AP EAMCET · Maths · Probability
If \(S\) be the sample space of a random experiment \(\xi\) and \(P\) be a probability function defined on the power set \(P(S)\) of \(\mathrm{S}\), then which one of the following is not satisfied by P?
(i) \(\mathrm{P}(\phi)=0\)
(ii) If \(\mathrm{E}^{\mathrm{c}}\) is the complementary event of \(\mathrm{E}\), then \(\mathrm{P}\left(\mathrm{E}^{\mathrm{c}}\right)=\) \(1-P(E)\)
(iii) \(0 \leq \mathrm{P}(\mathrm{E}) \leq 1, \forall \mathrm{E} \subseteq \mathrm{S}\)

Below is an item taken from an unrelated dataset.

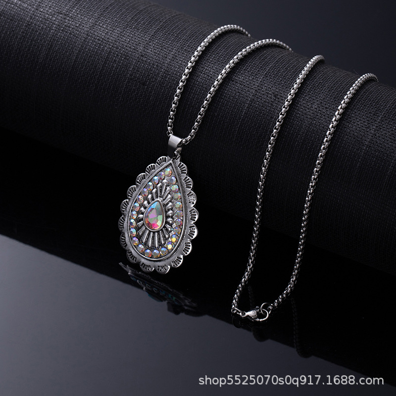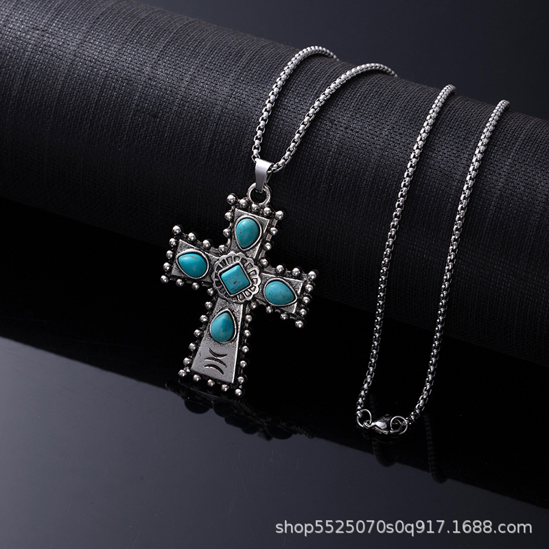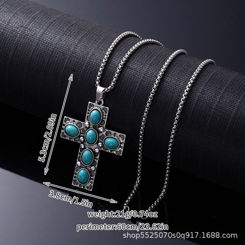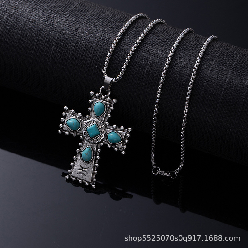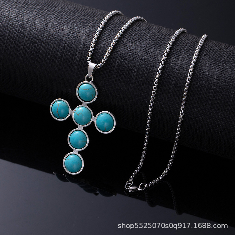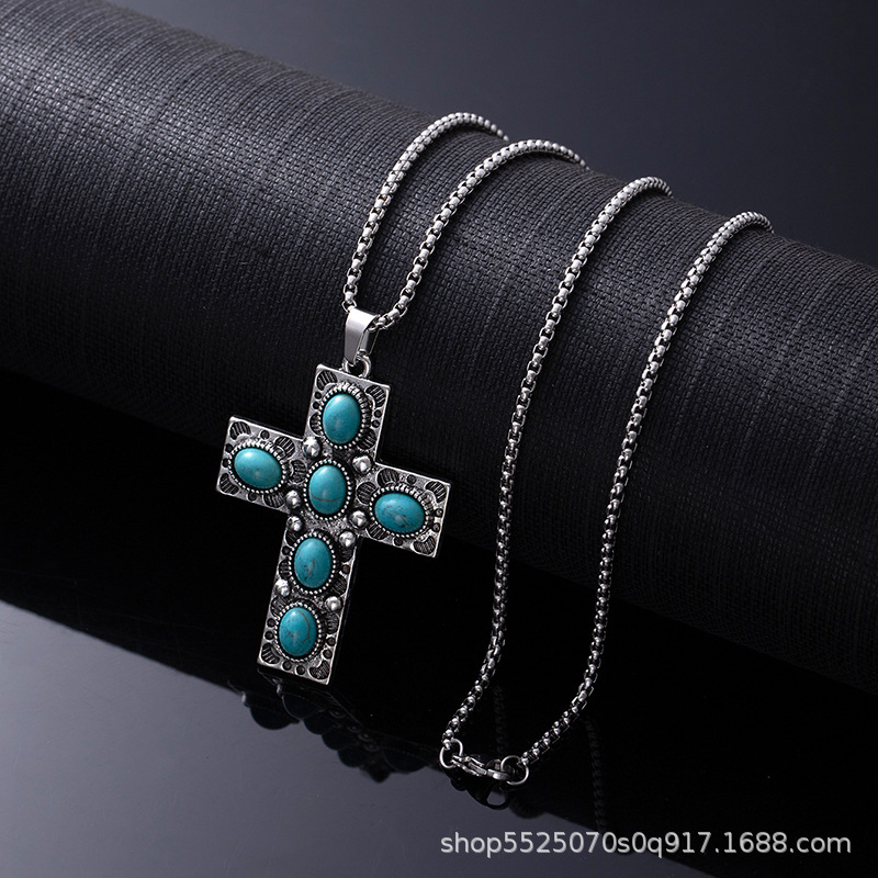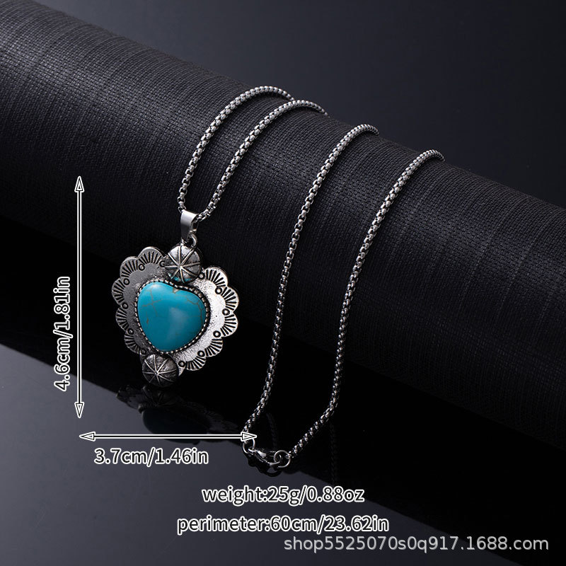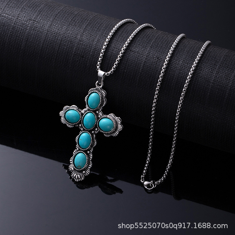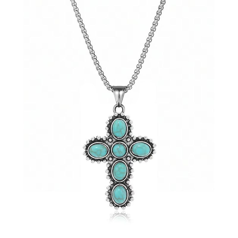 欧美跨境热卖镶绿松石项链女复古百搭波西米亚风时尚几何项链饰品批发货源

(iv) If \(\mathrm{E}_1 \subseteq \mathrm{E}_2 \mathrm{P}\left(\mathrm{E}_2\right) \leq \mathrm{P}\left(\mathrm{E}_1\right)\)
- A (iii)
- B (iv)
- C (ii)
- D (i)
Answer & Solution
Correct Answer
(B) (iv)
Step-by-step Solution
Detailed explanation
If \(E_1 \subseteq E_2\) Then \(P\left(E_1\right) \leq P\left(E_2\right)\) \(\therefore\) Statement (iv) is not satisfied by \(P\)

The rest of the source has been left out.